I am new to the forum but I have been aware of this addiction for many years now. My goal is to keep a positive mentality around this and search for direct results while also understanding that I need to be patient and consistent.

I am happy and thankful to have found this forum and community which seems to be focused only in recovery and does not has other distractions around :)
 

SaveTheSoul

Active Member
My view is that overanalyzing the psychological reasons and the life circumstances that have led to my addiction can be a bit counterproductive. I do not say with this that one shouldn't have a serious understanding behind the causes of the addiction and the way it affects us...I just mean that one can sink in overthinking too much and forget that life is about taking actions and living. I do not want to spend my entire life analyzing the causes for the issues I might encounter but I would rather search for direct results.
 

SaveTheSoul

Active Member
Therefore I will set some simple direct objectives for myself:

-To fully quit pornography and masturbation.

-To be free of distractions and use my time in highly productive ways.

-To fix my sleep routine and overall habit accomplishments.

-Become more socially active and externally driven.
 

SaveTheSoul

Active Member
It interesting to see how many triggers there are, so many black holes of the addiction. It feels like I am addicted generally to pleasure and anything that promises pleasure, especially if it is sexual, it attracts me. And I seek it. I guess the objective is to learn to live without the intense and constant pleasure infusion. And hopefully to that in calmness see some sort of inner benefits. I assume it is related to mental strength...
 

SaveTheSoul

Active Member
I edged, not proud of it. Anyways I will just keep going, instead of fully giving up and relapsing. I recognized that I was making a mistake, stopped, and focused on continuing with the journey.
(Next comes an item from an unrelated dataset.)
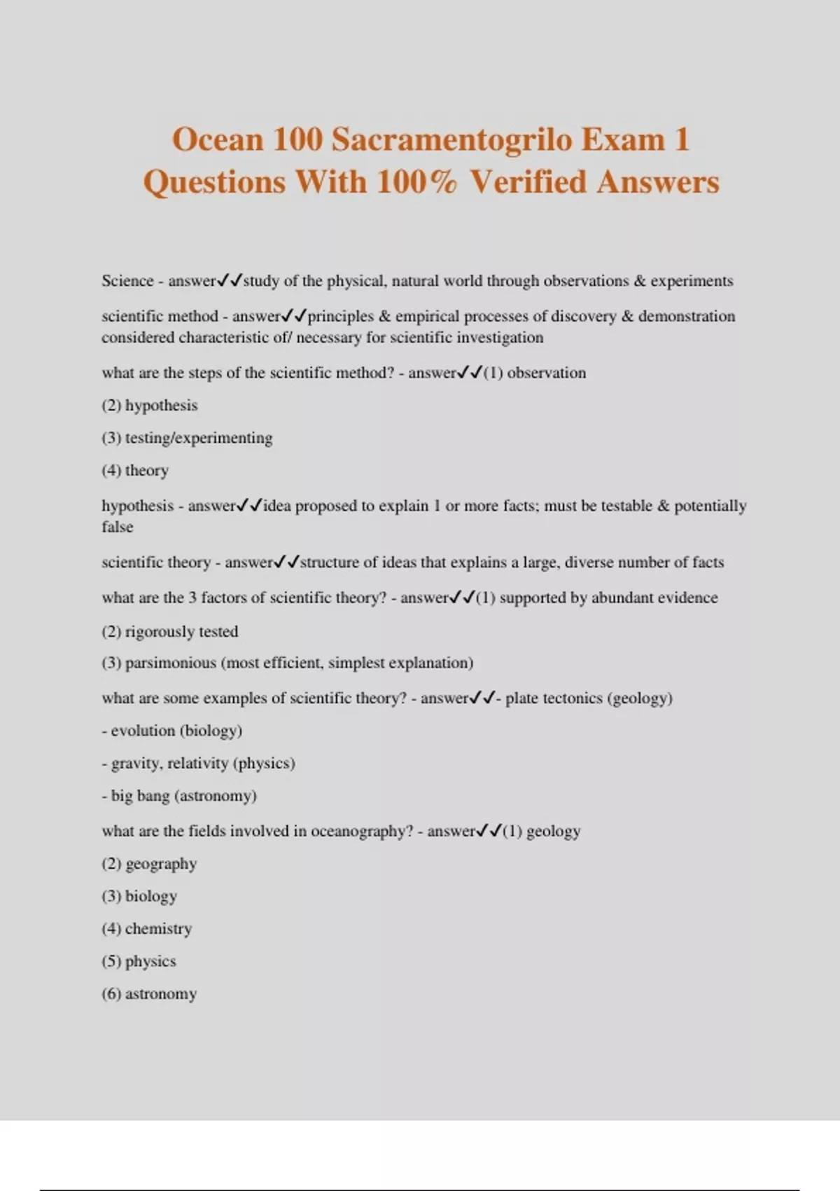 Ocean 100 Sacramentogrilo Exam 1 Questions With 100% Verified Answers Science - answerstudy of the physical, natural world through observations & experiments scientific method - answerprinciples & empirical processes of discovery & demonstration considered characteristic of/ necessary for scientific investigation what are the steps of the scientific method? - answer(1) observation (2) hypothesis (3) testing/experimenting (4) theory hypothesis - answeridea proposed to explain 1 or more facts; must be testable & potentially false scientific theory - answerstructure of ideas that explains a large, diverse number of facts what are the 3 factors of scientific theory? - answer(1) supported by abundant evidence (2) rigorously tested (3) parsimonious (most efficient, simplest explanation) what are some examples of scientific theory? - answer- plate tectonics (geology) - evolution (biology) - gravity, relativity (physics) - big bang (astronomy) what are the fields involved in oceanography? - answer(1) geology (2) geography (3) biology (4) chemistry (5) physics (6) astronomy (7) engineering what are some examples involving geology? - answerseafloor tectonics, coastal processes, sediments, hydrologic cycle what are some examples involving geography? - answerwind belts, weather, coastal landforms, world climate what are some examples involving biology? - answerfisheries, ecological surveys, microbiology, marine adaptions what are some examples involving chemistry? - answerdissolved components, temperature dependence, stratification/density, chemical tracers what are some examples involving physics? - answercurrents, waves, sonar, thermal properties of water what are some examples involving astronomy? - answertidal forces, oceans on other planets, origin of water, origin of life what are some examples involving engineering? - answermachinery used by scientists to explore the deep-ocean floor what are the earth's 4 spheres? - answer(1) lithosphere (2) asthenosphere (3) mesosphere (4) outer & inner core cross-sectional view - answerside view (ex. cutting a cake, able to see its layers) map view - answerbird's eye view, block diagram - answer3-d view mercator projection - answer2-d depiction of spherical earth; lands towards poles are magnified/distorted what are the 5 oceans? - answer(1) pacific (2) atlantic (3) indian (4) arctic (5) antarctic

But I have to be honest about stepbacks so that I why I post it.
 

SaveTheSoul

Active Member
AND I relapsed. Well I tried.

Ok so now I start again. I have the confidence that I will win I just haven't done it yet. And it is a bit frustrating because I have the brain, mind and life of an addict so I do not really know how to exactly get rid of it. If feels as if I need some sort of superhuman strength. It just feels like that. I feel like this I have to open an acorn and I do not have a clue of how to do it. I feel uncapable to do it. And I am not even depressed as a cause of this, like I wrote I am confident but completely lost at how to solve this.
 
Glad to hear you're picking yourself up and starting again, good luck!
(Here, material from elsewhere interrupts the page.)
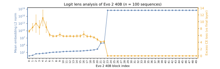 Logit lens analysis of Evo 2 40B. Orange: mean embedding L2 norm by block. Blue: excess cross-entropy (bits) relative to the final layer. The plateau in cross-entropy beyond block ~20 indicates that later layers contribute minimally to next-token prediction, while their activation norms spike dramatically.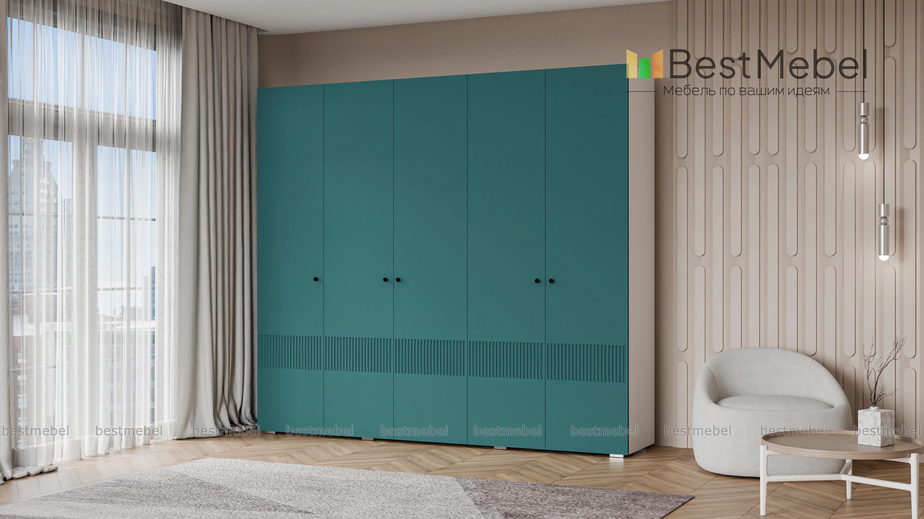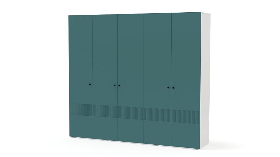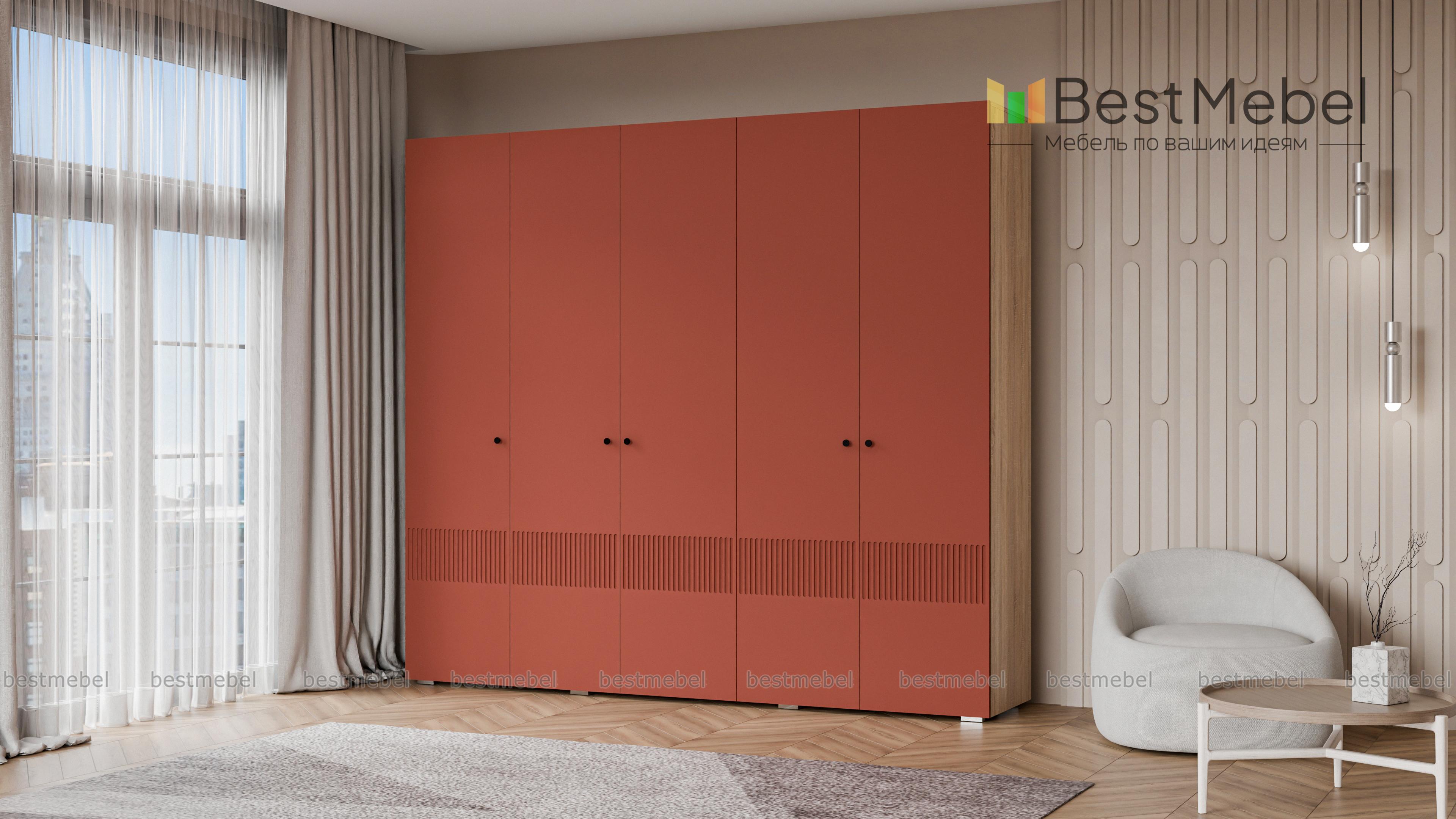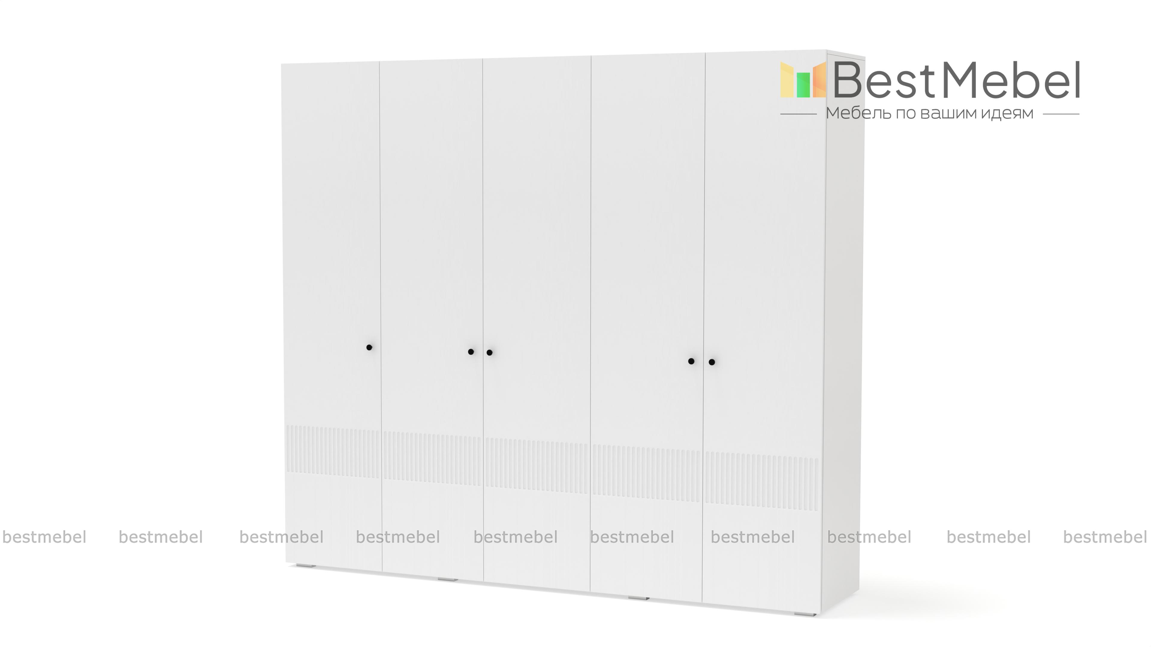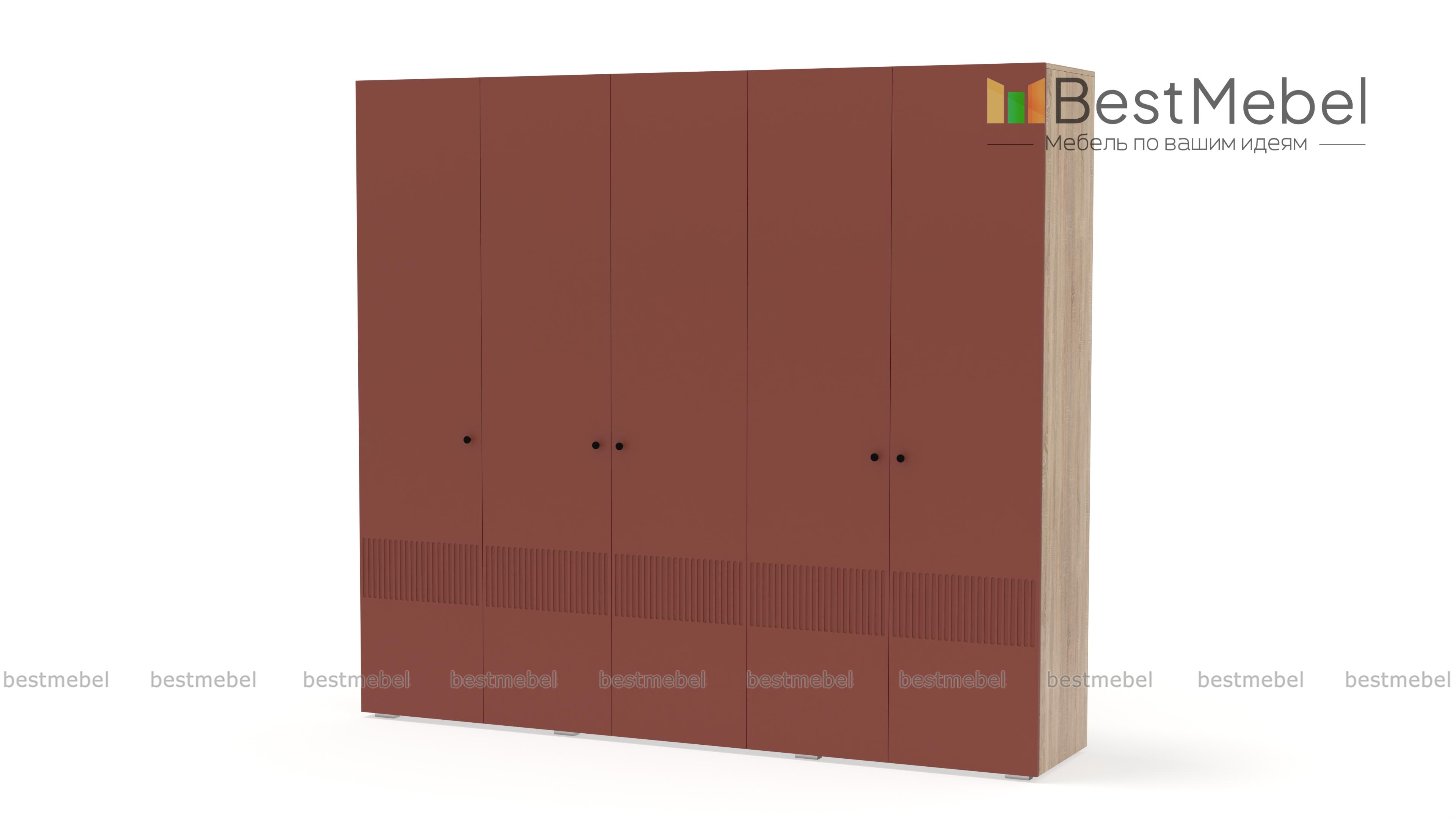 Шкаф распашной Джосс 5 BMS — это яркая современная модель с цветным фасадом и фрезеровкой. Комплектация с двумя штангами и полками подходит как для сложенной, так и развешанной на вешалках одежды, а также обуви и коробок с аксессуарами. С помощью этого пятидверного шкафа вы сможете удобно и эстетично организовать хранение гардероба для двух человек. Купить шкаф распашной Джосс 5 BMS с выбором размеров, цвета и фурнитуры приглашаем к нам в интернет-магазин.

I know that feeling of wanting to stop but being at a loss as to where to start or how to go about it. What is proving helpful for me this reboot is clearly knowing why I want to change and learning more about the neuroscience of addiction. I found that reading Your Brain on Porn's summaries of research into porn addiction really fueled my desire to quit. I found it helped make the issue less about me and my failings and more about the brain and its nature.
 

SaveTheSoul

Active Member
Glad to hear you're picking yourself up and starting again, good luck!
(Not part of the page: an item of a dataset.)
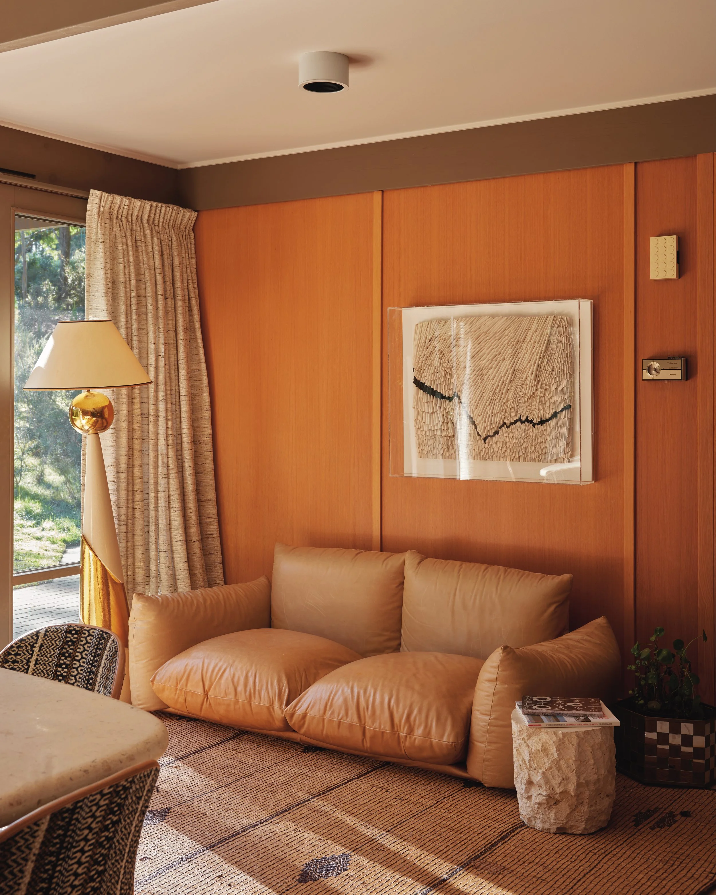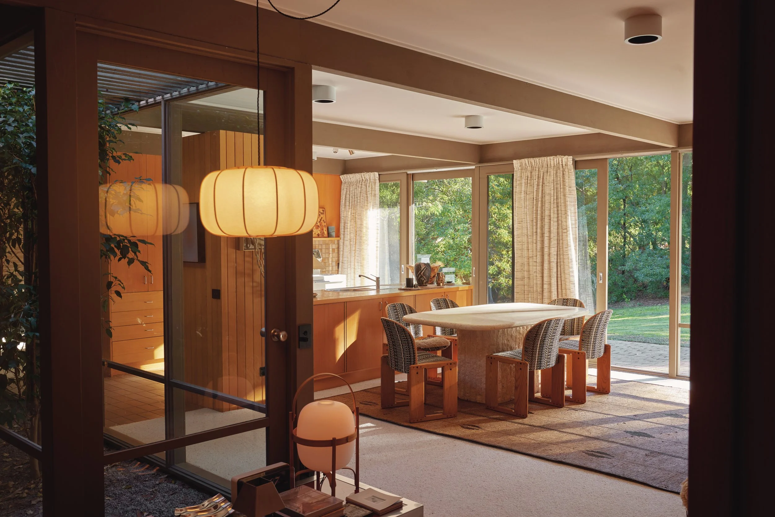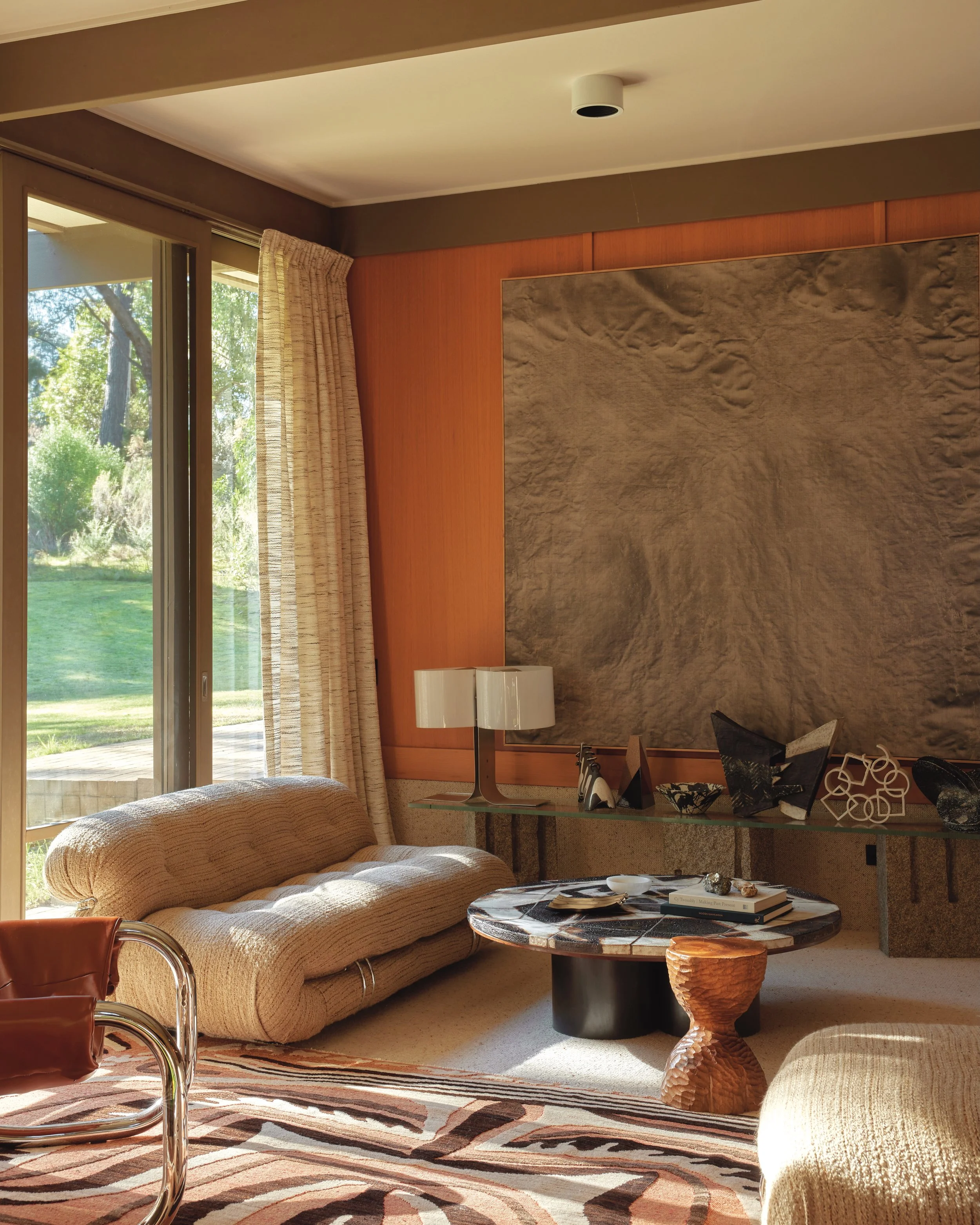 The current owner of Light Well House, interior decorator Simone Haag, has for many years cultivated a love of classic mid-century design. Already on the lookout for a home in the area, she and husband Rhys chanced upon Light Well during a family walk through the nature reserve. Clearly unoccupied, the house captured the couple’s imagination, sparking a mission to make it their own. After a lengthy but ultimately successful campaign, they moved in with their three daughters—and Simone’s impressive collection of vintage furniture, ceramics, rugs and artwork.

I know that feeling of wanting to stop but being at a loss as to where to start or how to go about it. What is proving helpful for me this reboot is clearly knowing why I want to change and learning more about the neuroscience of addiction. I found that reading Your Brain on Porn's summaries of research into porn addiction really fueled my desire to quit. I found it helped make the issue less about me and my failings and more about the brain and its nature.
Thank you! So it is important to have a solid clarity and focus as to towards where one is heading to and where one is at. I probably need to work on that. Oh that makes sense...in the end there is causality to reality and making it about ourselves with an ego approach could not work because the real problem might lay elsewhere (brain, nature, sociocultural conditions). I hope I get it right, I will dig deep on this issue.
 

SaveTheSoul

Active Member
I decide that I will do some analysis even though I said I would not and only focus on direct results. But if my analysis is goal-oriented and aiming at finding direction then it could be very helpful. As long as I don't get lost doing the analysis then I will survive it. Therefore I begin to do it now, it will probably wont be finished on this post but it is a start.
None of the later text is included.